Expatriation : vous suivez votre conjoint à l’étranger

Vous suivez votre conjoint en expatriation à l’étranger. Comment faire si vous travaillez : trouver un emploi là-bas, démissionner, poser un congé ?
Tour d’horizon des différentes possibilités.

Travailler à l’étranger

Dans l’Union européenne, vous avez le droit de travailler librement. En revanche, dans certains pays comme les Etats-Unis, il est nécessaire d’obtenir un visa et un permis de travail pour pouvoir signer un contrat de travail. Pour cela, il vous faut être considéré comme conjoint : attention le Pacs et le concubinage ne sont pas reconnus à l’étranger. Renseignez-vous avant votre départ auprès du consulat de votre pays d’accueil et de Pôle Emploi International.
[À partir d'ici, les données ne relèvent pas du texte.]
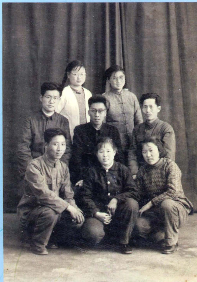
五十年代初邯郸专区卫生防疫队部分队员合影
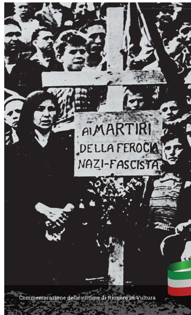
Commemorazione delle vittime di Rionero in Vulture

• Mappa interattiva dei principali luoghi di internamento e deportazione dei militari
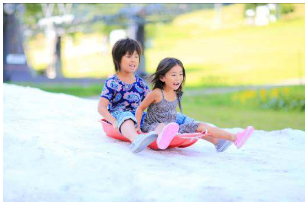
天然雪を使ったソリ遊び(イメージ)
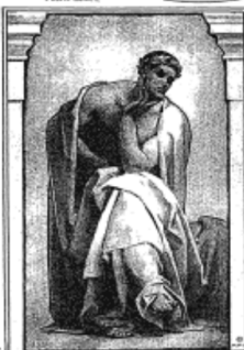
PROMETHEUS, AS A YOUNG MAN, IS A RELIEF SCULPTURE, ONE OF THE LABORS OF HERCULES, AS DESCRIBED IN ONE OF THE TWELVE LABORS
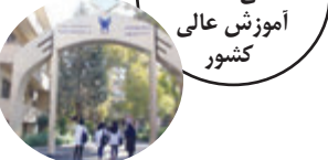
شناسایی نیازهای استانی، گمشده آموزش عالی کشور

رییس مؤسسه آموزش عالی علمی کاربردی جهاد دانشگاهی خاطر نشان کرد کاری که طی چند سال اخیر در دانشگاه جامع علمی کاربردی آغاز شده است، بحث مأموریت‌گرایی است. در حوزه آموزش مهارتی در دانشگاه جامع علمی کاربردی، قدم‌های خوبی برداشته شده است و اگر این حرکت به نحو درست از سوی دانشگاه جامع حمایت شود، فعالیت مراکز به سمت فعالیت‌های تخصصی سوق پیدا می‌کند. به عنوان مثال، یک مرکز علمی کاربردی قوی در حوزه کشاورزی یا گیاهان دارویی، که به صورت متمرکز روی این حوزه کار کرده و در زمینه‌های تخصصی و تخصصی‌تر متمرکز می‌شود، می‌تواند در این حوزه تخصصی بصورت قوی ورود پیدا کند و چون حوزه‌های تخصصی و تخصصی‌تر در گروه‌های صنعت و کشاورزی نیازمند امکاناتی مانند سرزمین و گلخانه‌ها و کارگاه و تجهیزات صنعتی است، لذا این موضوع ممکن است در کوتاه‌مدت برای دانشگاه‌ها و مراکز آموزش عالی علمی کاربردی به لحاظ کاهش تعداد دانشجویان، بار مالی و مشکل‌ساز باشد.
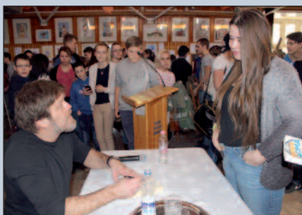
Szabó Győző dedikálta könyvét a fiataloknak.

A Társadalmi Megújulás Operatív Program keretében zajló, Innováció a Bocskaiiban című pályázat keretében rendezett drogprevenációs előadást a Bocskai István Katolikus Gimnázium. A tanintézmény tanulói és pedagógusai Szabó Győzöt látták vendégül február 13-án az iskola aulájában. Nem véletlenül esett a szervezők választása a népszerű színészre, hiszen ő maga több mint egy évtizedig élt a kábítószerek rabságában, de már 13 éve tiszta. Élményeiről 2012-ben könyvet jelentetett meg, amellyel erőt kíván adni azok számára, akik még nem látják a fényt az alagút végén. R.P.
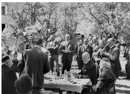
Bénédition de l'église de Savièse et du cimetière, 28 mai 1934
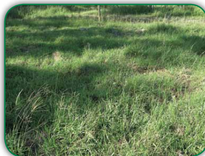
Área de gramado
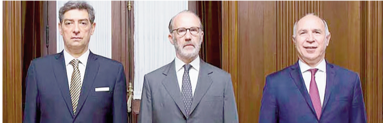
Los jueces de la Corte: Horacio Rosatti, Carlos Rosenkrantz, Ricardo Lorenzetti.
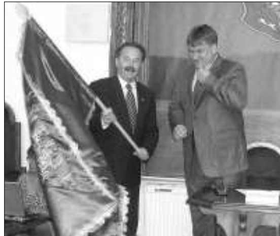
A polgármester meglengeti a megyei elnöktől átvett zászlót

- a Jávorszky Ödön Kórház labormunkálatait végző cég ellenfelszámolási eljárás van folyamat-
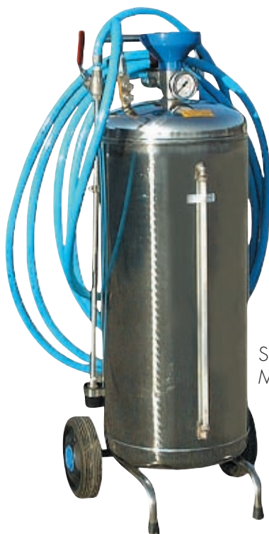
Série ÉCO M50V GD
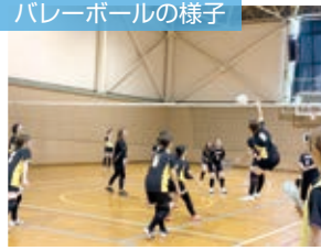
バレーボールの様子

今年はどのような大会になるのか今から楽しみです。皆様の温かい声援をお願いします。
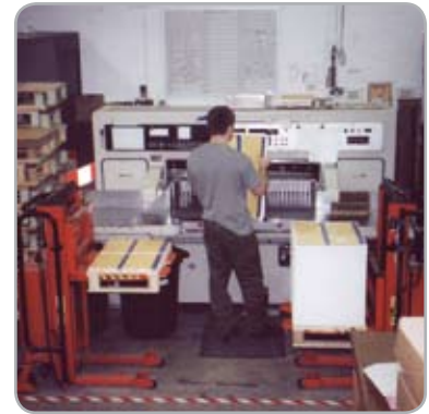
Automatisk nivåreglering ger en konstant arbetshöjd.
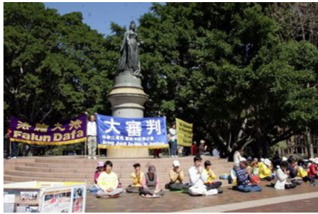
澳洲纽省高等法院前女皇广场

【明慧网】二零零八年九月十五日，澳洲法轮功学员状告迫害法轮功元凶江泽民、罗干及 610 办公室一案在纽省高等法院开庭。
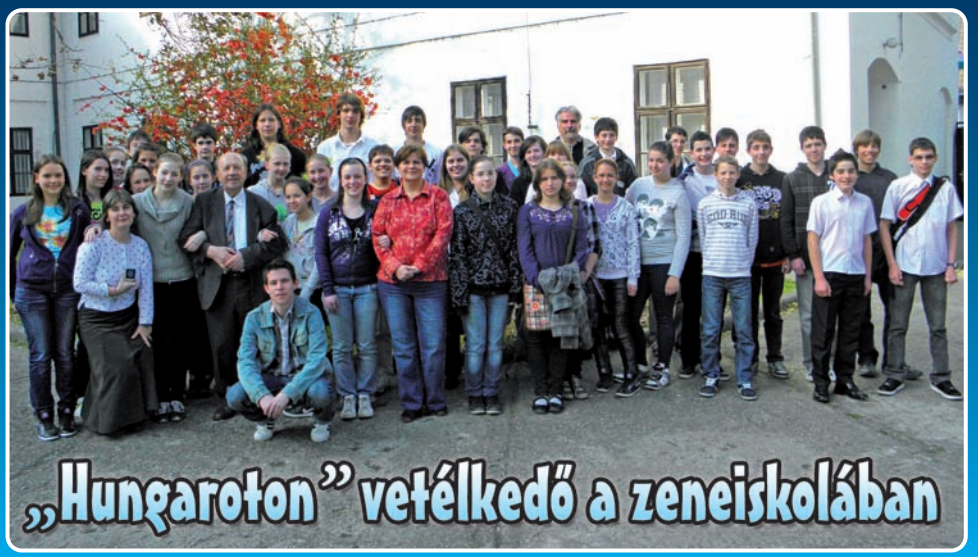
„Hungaroton” vetélkedő a zeneiskolában
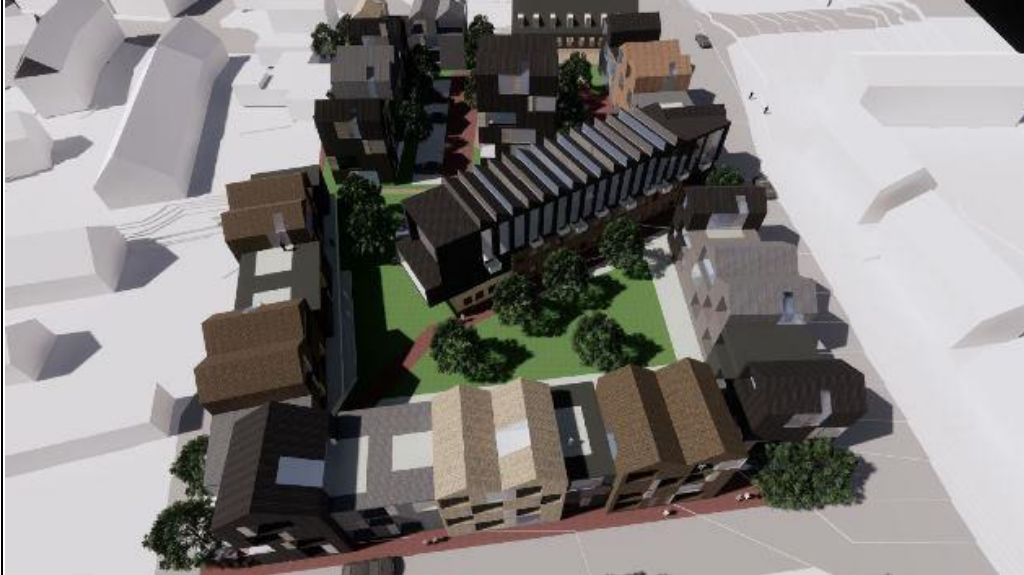
Overblik over det kommende byggeri på Fiomagruppen.

Démissionner pour suivre votre conjoint

Si vous démissionnez pour partir avec votre conjoint à l’étranger, il s’agit d’une « démission légitime » : elle vous donne droit à des allocations chômage à votre retour en France. Ce droit est maintenu pendant un délai de quatre ans à partir de la date de cessation de l’activité de votre conjoint en France. Vous devez cependant donner à Pôle Emploi la preuve de votre vie à deux en fournissant un bail ou une facture portant vos deux noms.


A votre retour en France, vous devrez transmettre à Pôle Emploi :

  • votre lettre de démission,
  • le contrat de travail ou les fiches de paye de votre conjoint attestant de son activité professionnelle à l’étranger,
  • une preuve de votre résidence commune à l’étranger.
A noter

Si vous partez dans un pays de l’Espace économique Européen ou la Suisse, vous pouvez bénéficier des allocations chômage pendant trois mois maximum dans votre pays d’accueil (vous percevrez le reste de vos droits à votre retour). Conditions : être inscrit à Pôle Emploi avant votre départ et avoir fourni le formulaire U2 aux services de l’emploi de votre pays d’accueil (dans les 7 jours suivant la date à laquelle vous cessez de relever de Pôle Emploi).

Demander un congé

Si vous ne souhaitez pas démissionner, vous avez la possibilité de demander un congé à votre entreprise. Vous ne toucherez aucune rémunération pendant cette période. Il en existe plusieurs types :

  • un congé sans solde, pour une durée de 1 à 5 ans ;
  • un congé sabbatique, d’une durée comprise entre 6 et 11 mois (si vous justifiez d’une ancienneté professionnelle de six ans dans l’entreprise) ;
  • un congé parental si vous avez un enfant de moins de 3 ans (et si vous avez au moins 1 an d’ancienneté dans l’entreprise).